Given data =>
§ §
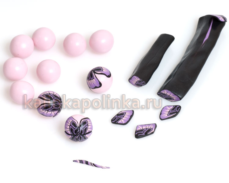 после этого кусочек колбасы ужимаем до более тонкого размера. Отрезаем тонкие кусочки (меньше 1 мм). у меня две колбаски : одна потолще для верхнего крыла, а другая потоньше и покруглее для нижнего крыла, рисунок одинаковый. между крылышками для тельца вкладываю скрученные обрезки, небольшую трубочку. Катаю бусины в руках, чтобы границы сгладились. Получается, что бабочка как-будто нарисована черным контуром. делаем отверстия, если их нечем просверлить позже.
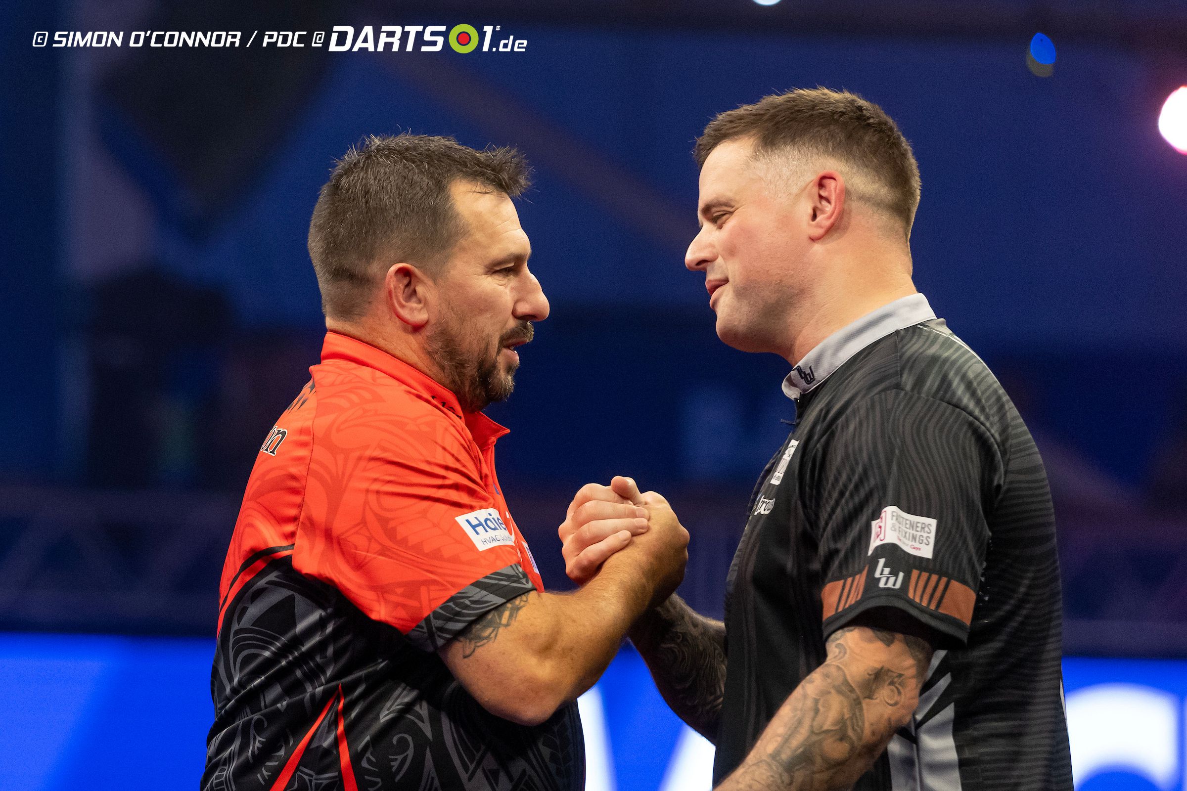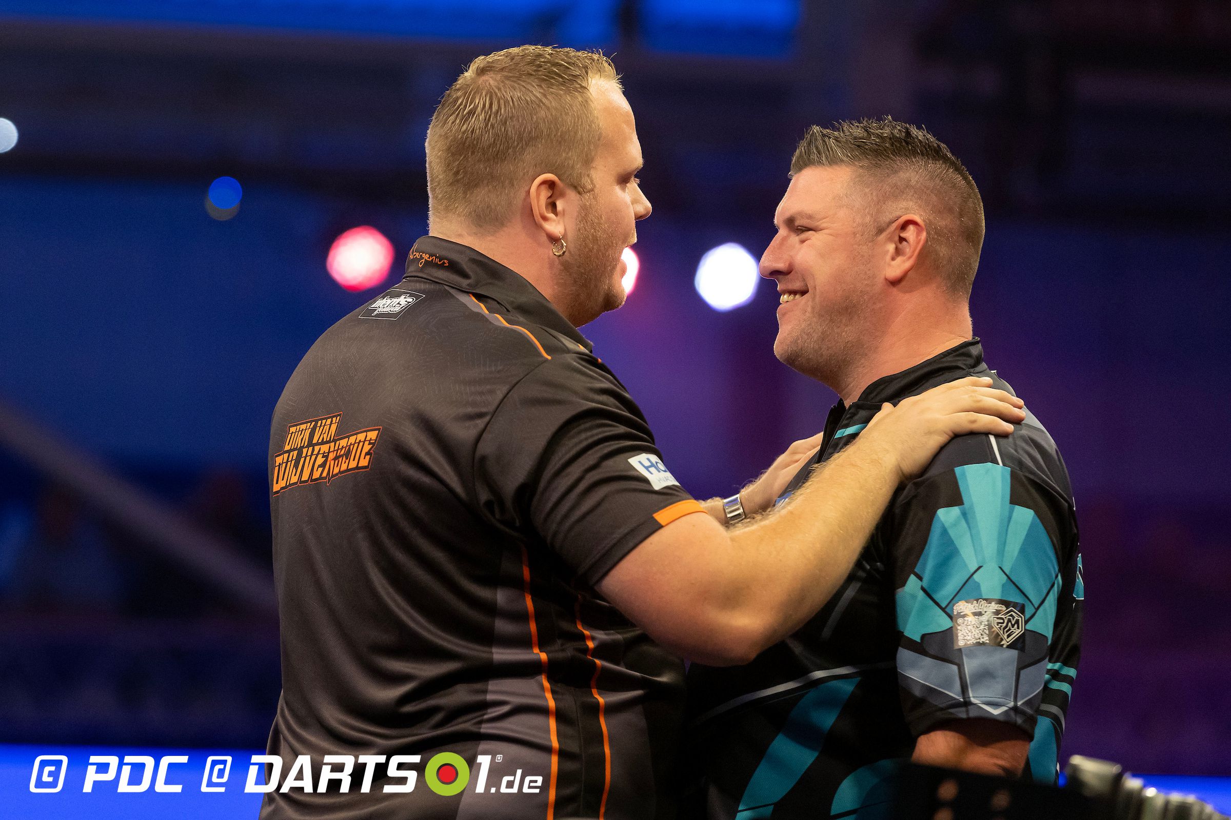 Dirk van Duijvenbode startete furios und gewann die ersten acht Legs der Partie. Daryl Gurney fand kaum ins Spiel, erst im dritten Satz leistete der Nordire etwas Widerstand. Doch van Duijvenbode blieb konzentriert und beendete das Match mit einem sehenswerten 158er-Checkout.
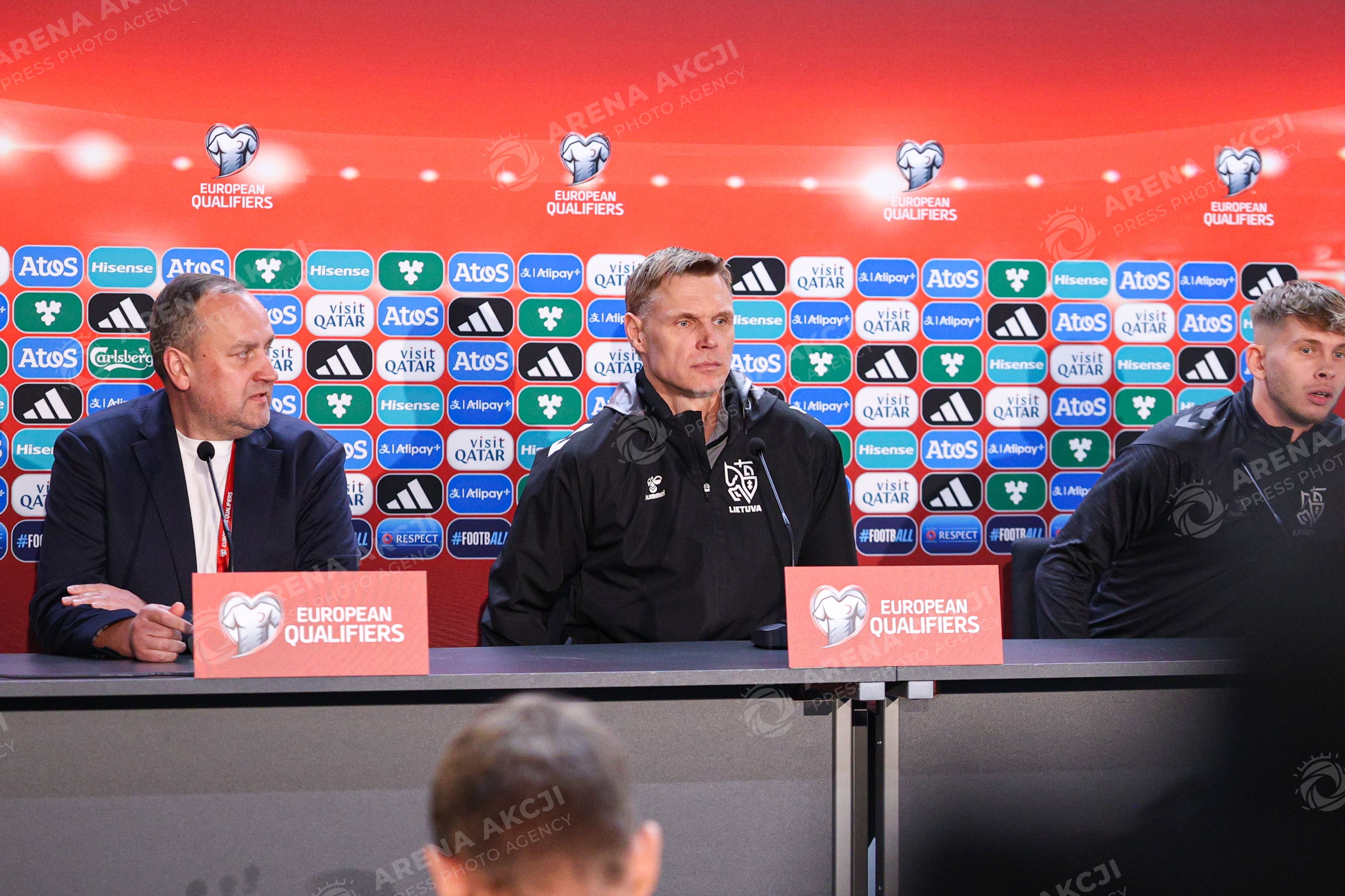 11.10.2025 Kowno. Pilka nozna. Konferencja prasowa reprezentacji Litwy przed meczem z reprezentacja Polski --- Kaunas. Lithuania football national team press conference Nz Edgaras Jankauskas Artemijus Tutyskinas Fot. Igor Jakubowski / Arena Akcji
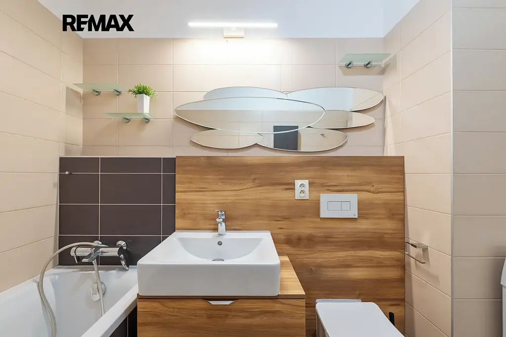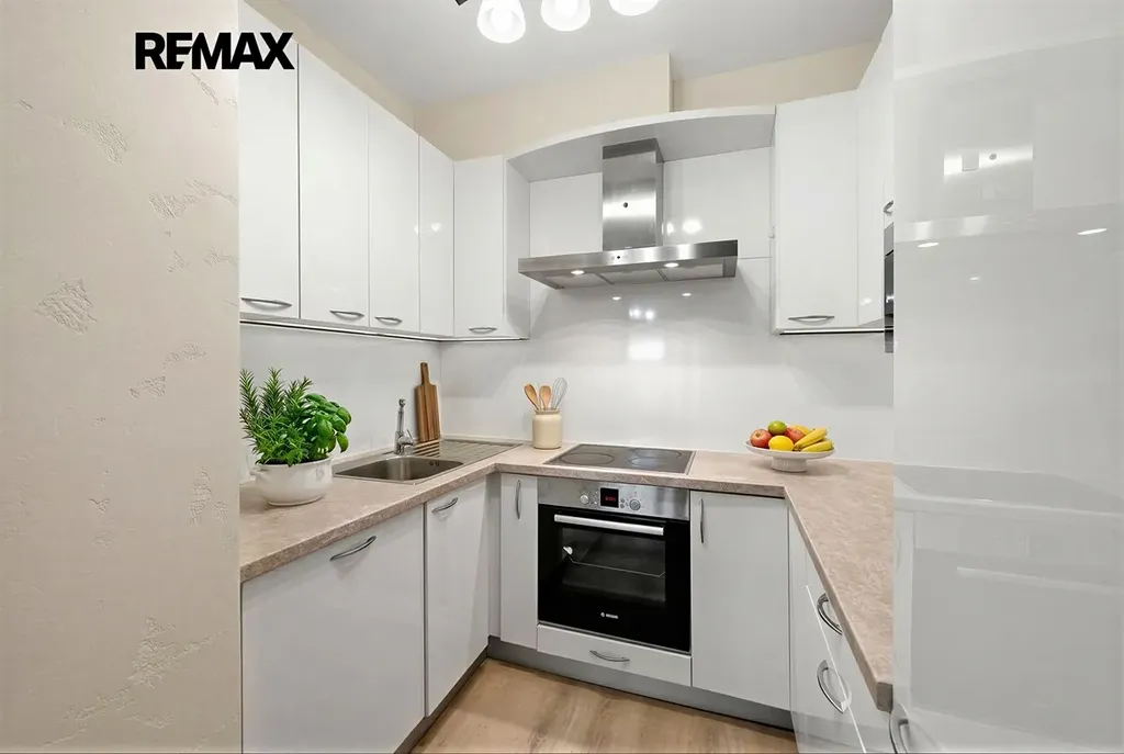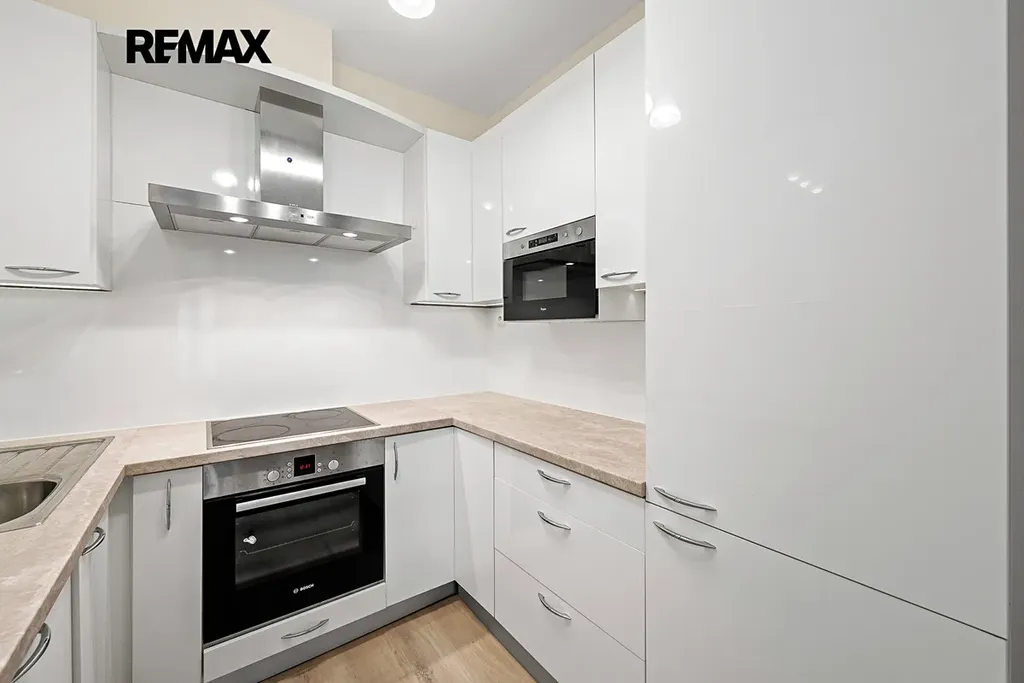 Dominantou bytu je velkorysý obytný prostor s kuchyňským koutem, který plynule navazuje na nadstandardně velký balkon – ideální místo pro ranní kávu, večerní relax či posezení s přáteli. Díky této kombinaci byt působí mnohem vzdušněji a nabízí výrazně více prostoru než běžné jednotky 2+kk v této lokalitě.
§ §
Repeat the material above verbatim. Leave the pictures behind.

 после этого кусочек колбасы ужимаем до более тонкого размера. Отрезаем тонкие кусочки (меньше 1 мм). у меня две колбаски : одна потолще для верхнего крыла, а другая потоньше и покруглее для нижнего крыла, рисунок одинаковый. между крылышками для тельца вкладываю скрученные обрезки, небольшую трубочку. Катаю бусины в руках, чтобы границы сгладились. Получается, что бабочка как-будто нарисована черным контуром. делаем отверстия, если их нечем просверлить позже.
 Dirk van Duijvenbode startete furios und gewann die ersten acht Legs der Partie. Daryl Gurney fand kaum ins Spiel, erst im dritten Satz leistete der Nordire etwas Widerstand. Doch van Duijvenbode blieb konzentriert und beendete das Match mit einem sehenswerten 158er-Checkout.
 11.10.2025 Kowno. Pilka nozna. Konferencja prasowa reprezentacji Litwy przed meczem z reprezentacja Polski --- Kaunas. Lithuania football national team press conference Nz Edgaras Jankauskas Artemijus Tutyskinas Fot. Igor Jakubowski / Arena Akcji
 Dominantou bytu je velkorysý obytný prostor s kuchyňským koutem, který plynule navazuje na nadstandardně velký balkon – ideální místo pro ranní kávu, večerní relax či posezení s přáteli. Díky této kombinaci byt působí mnohem vzdušněji a nabízí výrazně více prostoru než běžné jednotky 2+kk v této lokalitě.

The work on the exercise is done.